▸ Brief:
What you output must match, exactly, the lines from the start of the records to the line containing "セレンディップ・ホールディン", both ends kept and pictures excluded.
[Material to process]
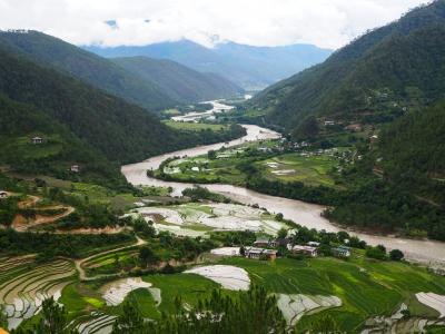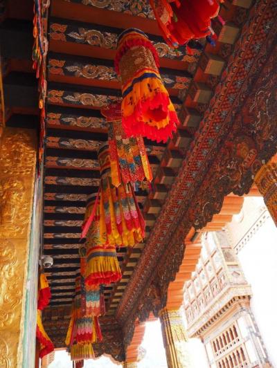 ポチュ(父川)とモチュ(母川)の合流点にある「プナカゾン」。度重なる火災や地震、水害に見舞われ再建が繰り返され今の姿があるそう。ブータンの伝統建築が忠実に取り入れられており、窓枠や欄干の美しさには目を奪われます。また内部の壁にはブッダの一生が描かれており、ストーリーのみならず独特の仏教画も興味深かったです。ゾンの中には一箇所、ブータン人しか入れないお堂があり、即身仏が保存されい
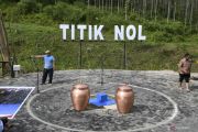 Pekerja menyelesaikan pekerjaan persiapan jelang seremoni ritual Kendi Nusantara di titik nol Ibu Kota Negara (IKN) Nusantara di Kecamatan Sepaku, Penajam Paser Utara, Kalimantan Timur, Minggu (13/3/2022). Presiden Joko Widodo akan menggelar seremoni ritual Kendi Nusantara dengan mengumpulkan 34 tanah dan air yang dibawa oleh 34 gubernur se-Indonesia di titik nol IKN Nusantara pada Senin (14/3/2022). ANTARA FOTO/Hafidz Mubarak A/hp.
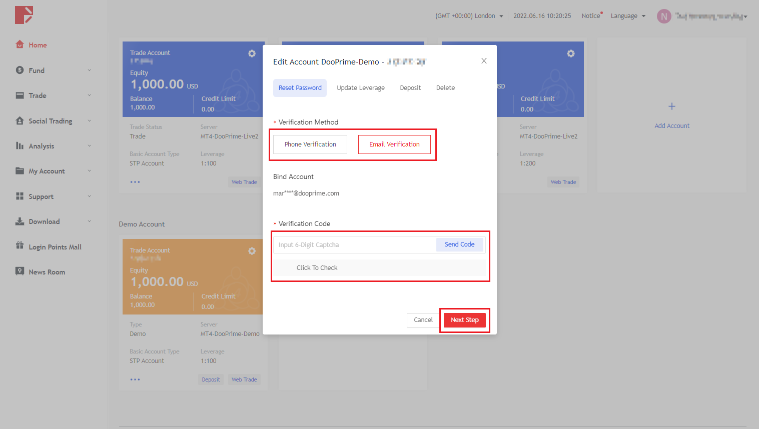 D Prime 사용자 센터에서 데모 계정 비밀번호를 잊어버린 경우 어떻게 해야 하나요?
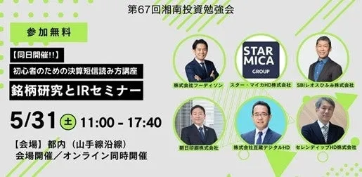 セレンディップ・ホールディングス株式会社は、2025年5月31日(土)に、東京都内およびオンラインで開催される「湘南投資勉強会」に参加することを発表しました。この勉強会は、個人投資家を対象にしたIR説明会として位置づけられ、多くの投資家にとって価値のある情報が提供される貴重な機会です。
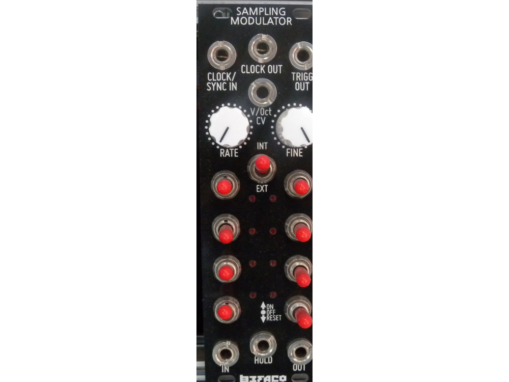- Secuenciador clocked Sample & Hold que permite generar más patrones que un Sample & Hold convencional, aportándole más capacidad de repetición. Incorpora entrada Clock que puede funcionar como clock (entrada convencional de reloj) o sync (entrada de reseteo del oscilador con la que se pueden crear efectos de swing así como poliritmias). Entrada Hold, que permite sostener algunas notas congelando la salida de CV
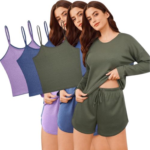 Ekouaer 3-Piece Waffle Knit Lounge Set keeps you comfy and cute! 🛋️ Long-sleeve top, cami, and shorts—perfect for lounging or sleeping!
[/Material to process]
▸ Solution to this problem:
 ポチュ(父川)とモチュ(母川)の合流点にある「プナカゾン」。度重なる火災や地震、水害に見舞われ再建が繰り返され今の姿があるそう。ブータンの伝統建築が忠実に取り入れられており、窓枠や欄干の美しさには目を奪われます。また内部の壁にはブッダの一生が描かれており、ストーリーのみならず独特の仏教画も興味深かったです。ゾンの中には一箇所、ブータン人しか入れないお堂があり、即身仏が保存されい
 Pekerja menyelesaikan pekerjaan persiapan jelang seremoni ritual Kendi Nusantara di titik nol Ibu Kota Negara (IKN) Nusantara di Kecamatan Sepaku, Penajam Paser Utara, Kalimantan Timur, Minggu (13/3/2022). Presiden Joko Widodo akan menggelar seremoni ritual Kendi Nusantara dengan mengumpulkan 34 tanah dan air yang dibawa oleh 34 gubernur se-Indonesia di titik nol IKN Nusantara pada Senin (14/3/2022). ANTARA FOTO/Hafidz Mubarak A/hp.
 D Prime 사용자 센터에서 데모 계정 비밀번호를 잊어버린 경우 어떻게 해야 하나요?
 セレンディップ・ホールディングス株式会社は、2025年5月31日(土)に、東京都内およびオンラインで開催される「湘南投資勉強会」に参加することを発表しました。この勉強会は、個人投資家を対象にしたIR説明会として位置づけられ、多くの投資家にとって価値のある情報が提供される貴重な機会です。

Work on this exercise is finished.